Despite its simplicity, we have found that the captured type system is sufficient to type the vast majority of polymorphic functions used in practice and that it is quickly understood even by programmers with no type system experience.

Deep Casts and Types as Contracts

Besides the covariance assumption, there is one last key difference between Stanza's parametric type system and that of Java and Scala's. Consider the following function, for computing the sum of all the integers in an array.

defn sum-array (xs:Array<Int>) :
  var accum = 0
  for x in xs do :
    accum = accum + x
  accum

The argument xs is declared to be an array of integers. In Java, that annotation is interpreted to mean that, when xs was created, it was created as an array to hold integers (Integer[]). But that interpretation is unnecessarily restrictive. xs does not need to be created as an array for holding only integers, it just needs to contain only integers at the time that sum-array is called. Thus in Java, if xs was created with type Object[] then it cannot be passed to sum-array as an argument, even if the programmer were sure that it contained only Integer objects. The only work-around is to create a new array of type Integer[], copy the contents of xs into it, and then call sum-array on the copied array.

In contrast, Stanza interprets the annotation on xs to mean that xs behaves as an array of integers. This means that whenever a value is retrieved from xs, the value will have type Int (or else the program is fatally wrong). Consider the following array created in Stanza:

val xs = Array<Int|String>(3)
xs[0] = "zero"
xs[1] = "one"
xs[2] = "two" 
xs[0] = 0
xs[1] = 1
xs[2] = 2

Even though xs is an array initially created to hold integers and strings, by the end of the code, it is guaranteed that only integers remain. Attempting to call sum-array directly with xs

sum-array(xs)

results in this error:

example.stanza:19.0: Cannot call function sum-array of type
Array<Int> -> Int with arguments of type (Array<String|Int>).

which indicates that Stanza cannot prove that xs contains only integers.

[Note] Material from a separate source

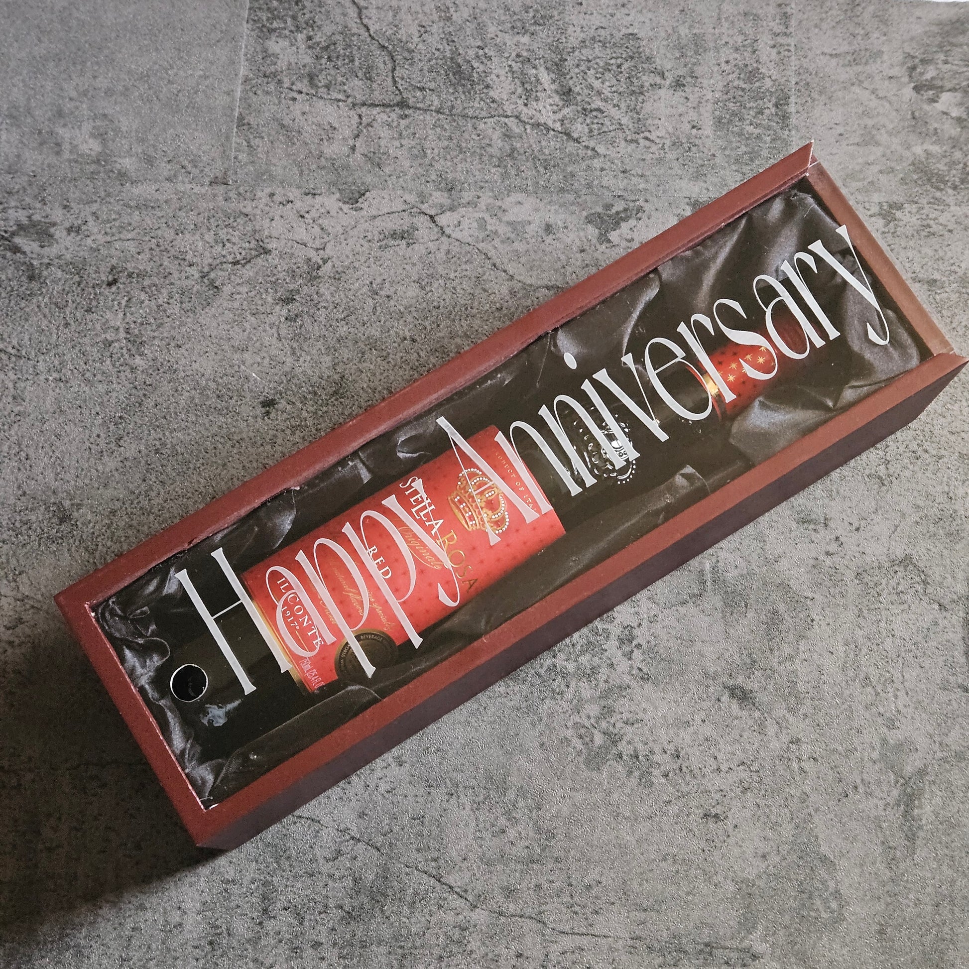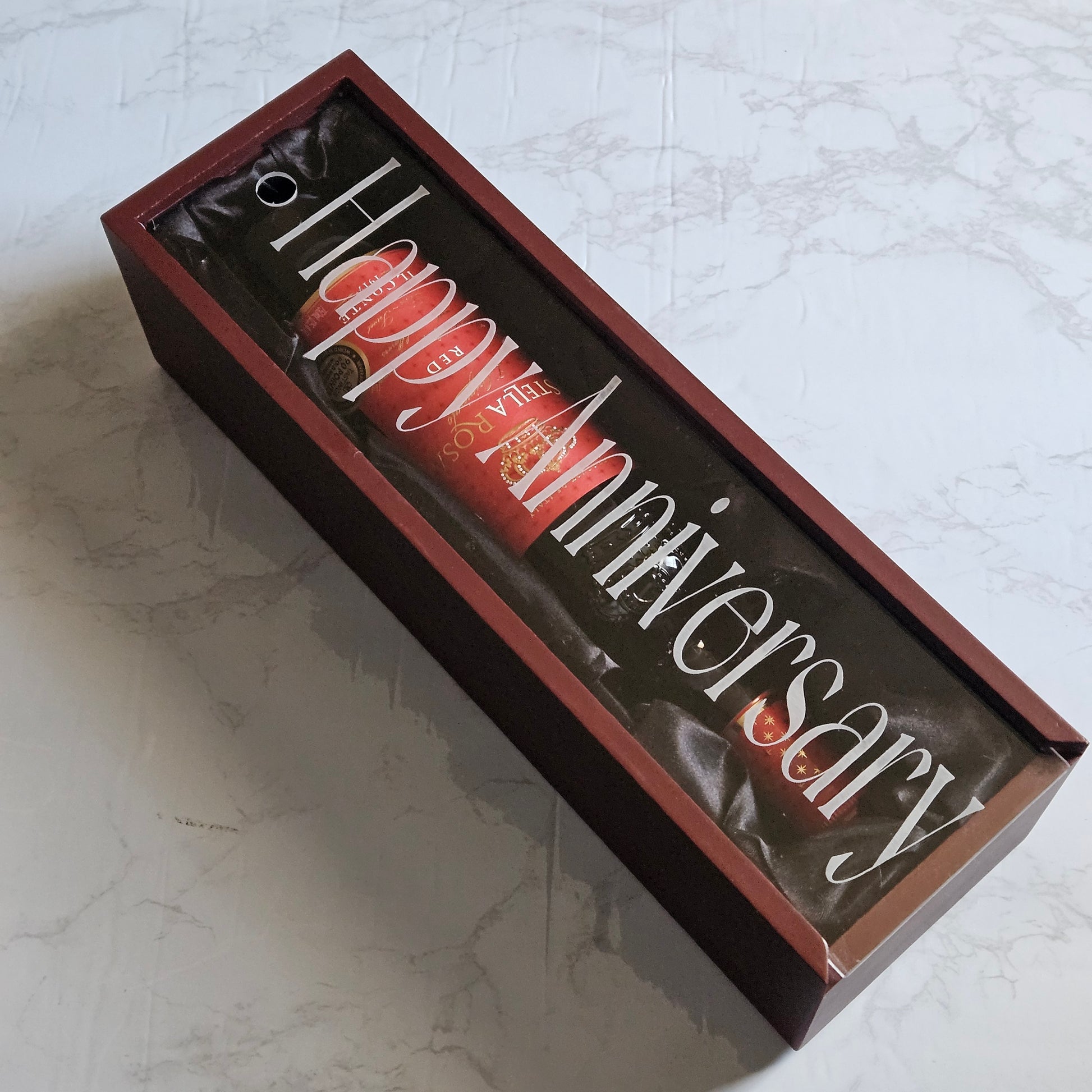 Our engraved wooden wine bottle box is a remarkable way to elevate the look of your liquor bottle gifts. Precision crafted with rosewood finish, a shatterproof acrylic glass lid gently slides across the top, revealing that beautiful bottle. Ideal for retirement parties, weddings, anniversaries, and more. The wooden wine bottle box measures 14.25" x 4.25" x 4", and holds bottles most alcohol bottles up to 13" in size. The actual liquor bottle is not included.

But the user is allowed to assert his knowledge about xs in the form of a deep cast.

sum-array(xs as Array<Int>)

The cast forces sum-array to assume that xs behaves as an Array<Int> even though it was declared as an Array<Int|String>. From there on, if the program is incorrectly written, a runtime error will be issued in the event that sum-array somehow retrieves a value from xs that is not an Int.

Support for deep casts are important as it is a common idiom in untyped code, and is a feature that is unsupported by Java and Scala. The interpretation of parametric types as contracts on its behaviour allows Stanza to retain its flexibility while detecting as many static errors as possible and also detecting runtime errors as early as possible.

Implications for Safety

Stanza is a strongly-typed language and its semantics are fully defined. All programs are guaranteed to terminate with either a result or a fatal error which indicates that an illegal operation was attempted and the line number and calling context under which it occurred.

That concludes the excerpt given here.